How historical was it for me, my husband, and our boys–an African-American family, to turn on the television and see a man, who holds the highest office in the nation, with his family–a family that looks just like ours, commemorating one of the most memorable events in African-American history here on American soil–Selma! Today, we sat as a family almost sandwiched on the edge of my bed watching history unfold. 50 years ago to date, a people just like us, with aggressive purpose but peaceful deed, achieved a monumental feat. In the face of death, seeking their constitutional right to vote, 600 unarmed marchers braved the Edmund Pettus Bridge only to be met by a blood thirsty posse and state troopers, set on deterring their will, who beat them with weapons and showered them with tear gas leaving many of them battered and bloody.

After escaping the bridge on that dark day, they didn’t return to their homes to cower in corners and give up. They mounted that bridge two more times, and with the whole world watching. Because of their determined stance, President Johnson was forced to move on their behalf. On their third attempt, thousands of US soldiers and National Guard were dispatched to protect them as they blazed the historic trail from Selma to Montgomery to contest their right to vote.

I don’t believe our eyes shifted once during today’s coverage.
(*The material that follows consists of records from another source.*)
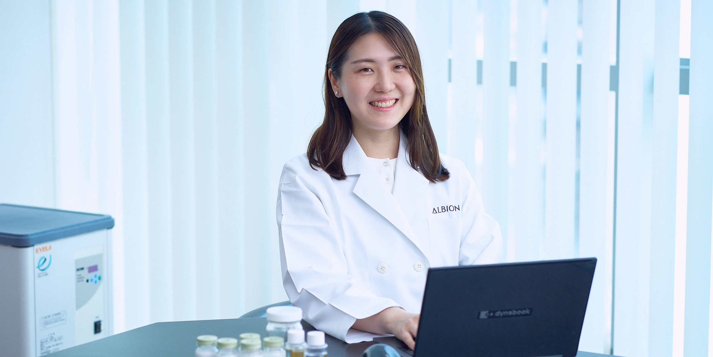 そのような環境でこれからも挑戦・成長し続けることで、将来は「アルビオンといえばこのアイテム!」と言われるような製品の開発に携わることが私の夢です。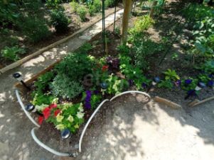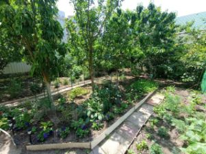 На участке есть навес под автомобиль, беседка, хозпостройки, высажены плодоносящие деревья и красивые цветы.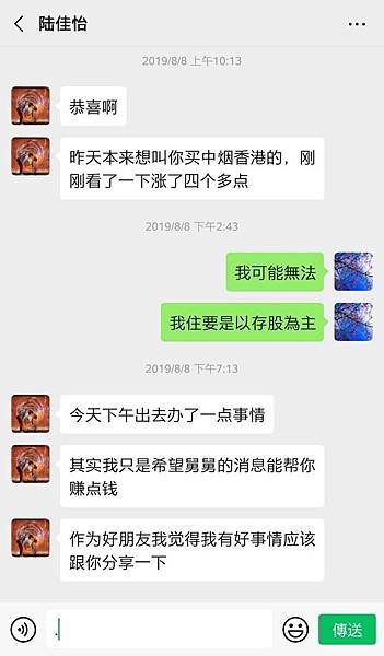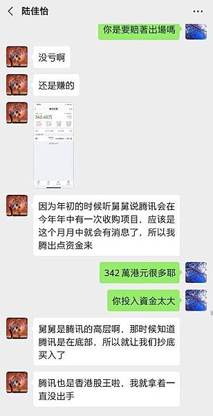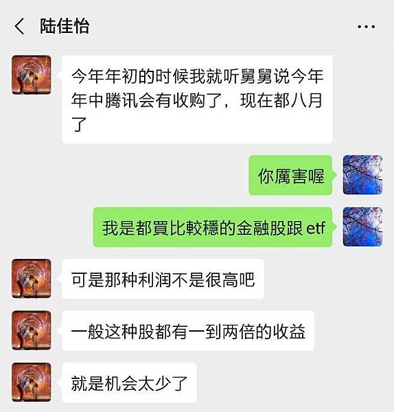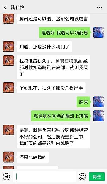 在台灣存股社團認識一位對岸單親媽媽美魔女加我微信,好奇就加了(目前帳戶已經消失)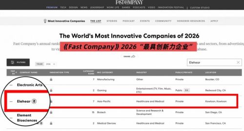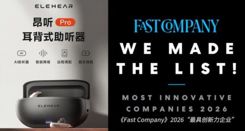 3月25日,全球权威商业媒体《Fast Company》正式发布"2026年全球最具创新力企业"榜单,昂听ELEHEAR成功入选,位列亚太地区最具创新力企业第7位。本年度评选中,昂听ELEHEAR是全球唯一一家上榜的助听器企业,凸显了中国听力科技品牌在全球市场的知名度和影响力。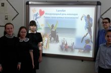 3 декабря в школе-интернат состоялся единый классный час на тему «Добру откроются сердца», приуроченный к Международному дню поддержки инвалидов, главной целью которого было воспитание чувства ответственности за свое здоровье, здоровье своих близких, окружающих и готовность воспринимать здоровье как ценность человеческой жизни.
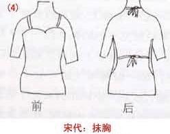 宋代的抹胸与之相比,则显得越发收敛。《西厢记》中的宋代女子,用抹胸裹肚,一根幼带围颈,一块菱中遮胸,掩起千般风情,万种妩媚,堪称保守。直至清朝末期随着洋纱洋布进入中国,西方的各种极富美学价值的胸衣才真正演绎在中国女子的身型之上。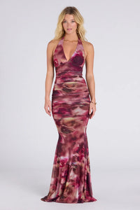 Kelsey Halter Printed Mermaid Formal Dress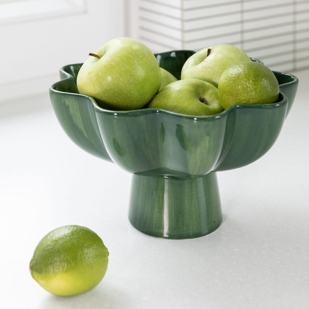 Display your healthy fruits or vegetables in this beautiful bowl. The bowl sun is defined by its stylish shape in combination with the bold green colour.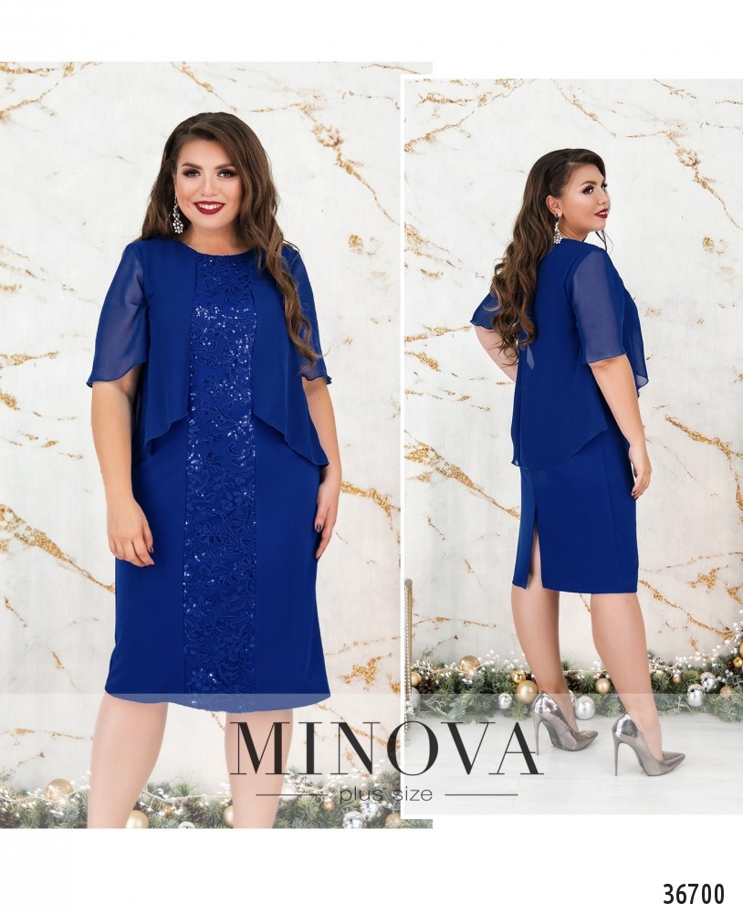 Нужно выглядеть нарядно и в то же время сдержанно? Minova предлагает отличный вариант платья батал. Платье прямого кроя, но эта особенность сглаживается подшитой сверху накидкой, ниспадающей мягкими асимметричными складками. Ткань мягкая, приятная к телу. Спереди по центру – широкая полоса с вышивкой и пайетками, от полукруглого выреза горловины до подола. Карманы и застёжки отсутствуют. Накидка из полупрозрачной ткани, сзади полностью закрывает спинку до бедра. Рукава до локтя, без подкладки и манжет, полупрозрачные, свободные. Платье длины миди, будет хорошо смотреться на любой фигуре с обувью на танкетке или каблуке.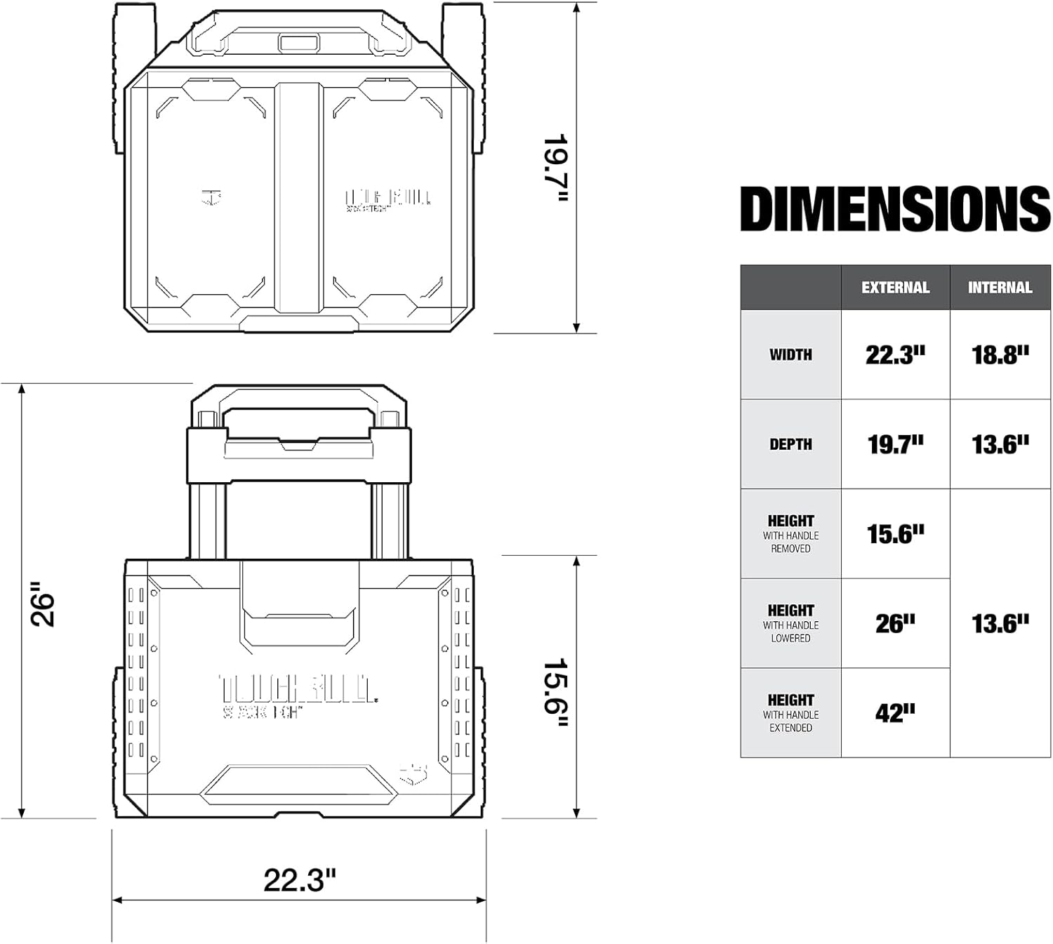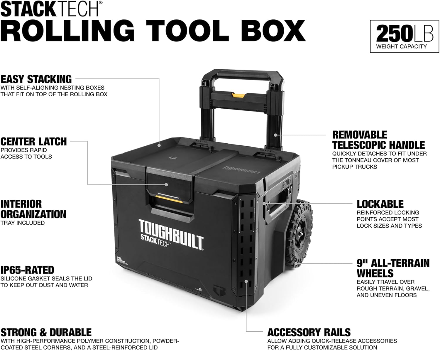ToughBuilt StackTech Rolling Tool Box, Heavy-Duty Portable Tools Organizer, 250 lb Capacity - Stackable and Waterproof Toolbox Storage System with Lockable Lid and 9-Inch All-Terrain Wheels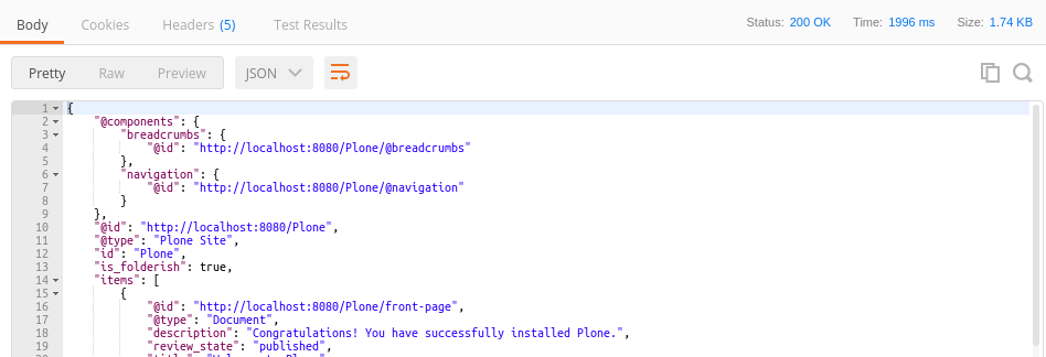 The Response of the server is now displayed below the Request. You can easily follow the links on the @id attributes by clicking on them. For every link Postman has prepared another request sharing the same headers that can be send again by licking on the Send button.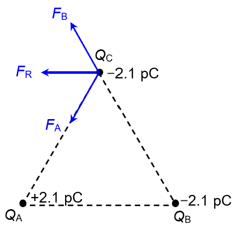 Note that QC is attracted towards QA, but repelled away from QB. FA and FB are thus in the directions shown in the diagram. The resultant electric force acting of QC is thus given by the vector summation of FA and FB. By inspection, the vector summation triangle is an equilateral triangle. So FR turns out to be a leftward force of 4.405 mN.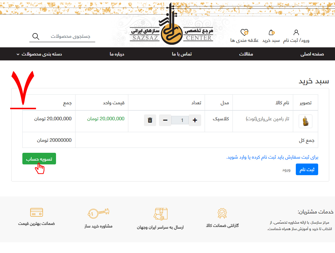 7-پس از چک کردن تمامی موارد و حصول اطمینان از جزئیات سفارش، همانطور که در تصویر شماره هفت مشخّص شده است، بر روی گزینه "تسویه حساب" کلیک کنید.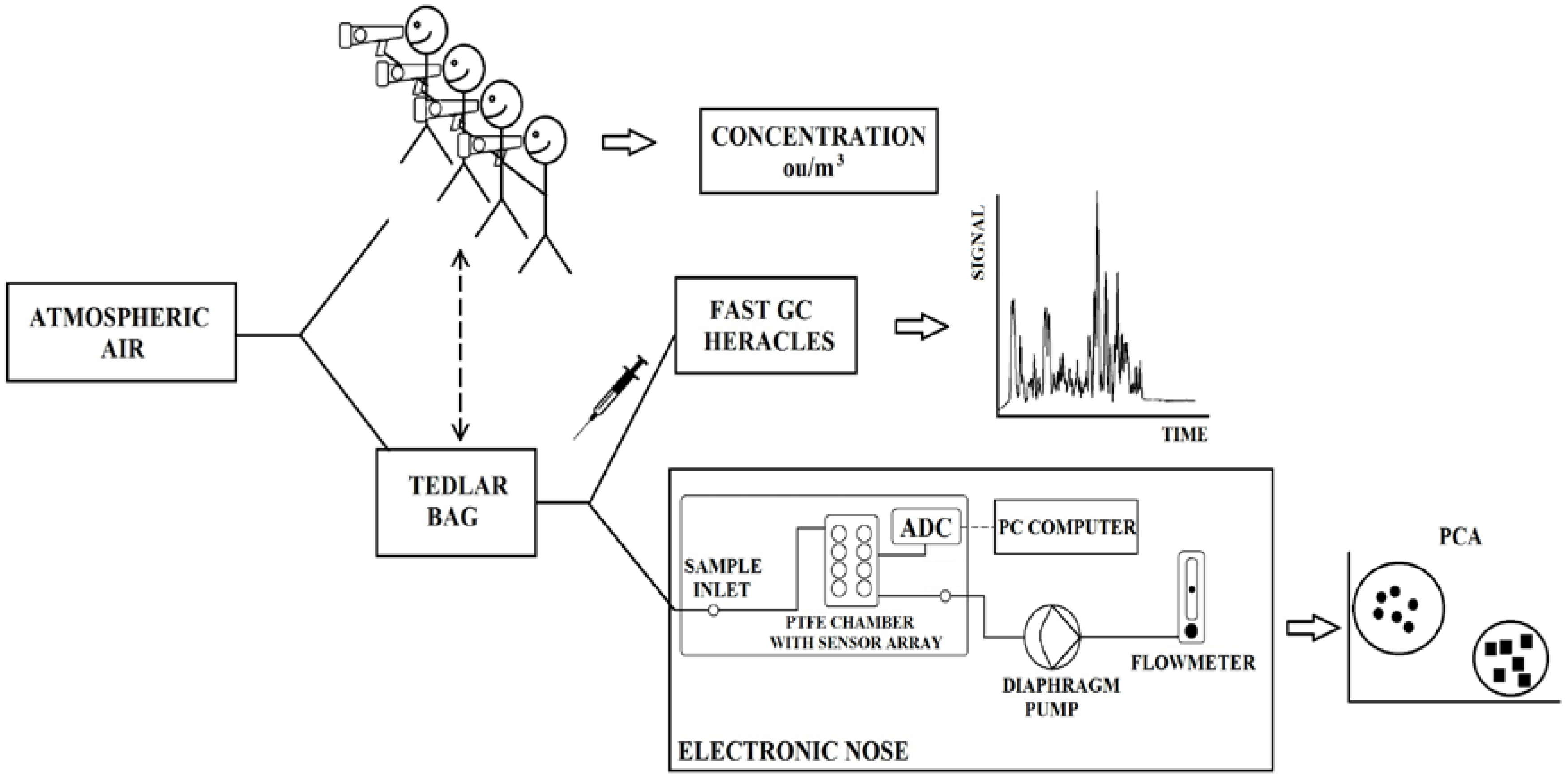 The acquisition of the information about the concentration levels of particular odorants in ambient air is indispensable for the complex evaluation of the condition of the natural environment [13,14]. This goal is reached by the utilization of suitable tools for the measurement and control of the level of air pollutants as well as for the identification of the presence of odorous compounds. The following devices for VOCs analysis in outdoor and indoor air can be distinguished:

Rep. Lewis–A Selma survivor, shared an emotional account with the world today and admonished that we are far from resolved on this issue. The President followed with an echo of the same sentiment by going a step further and challenging congress to not just note Selma as a historic event, but step up and continue to protect voting rights by blocking current laws being established to neglect them. The moment was concluded with a memorable walk over the bridge.

The baton was passed to the next generation today. And for that, we say thank you. Thank you to Dr. Martin Luther King Jr., Jimmie Lee Jackson, Amelia Boynton Robinson, Representative John R. Lewis, and countless others who were beat down but refused to back down. We take our hats off to you today!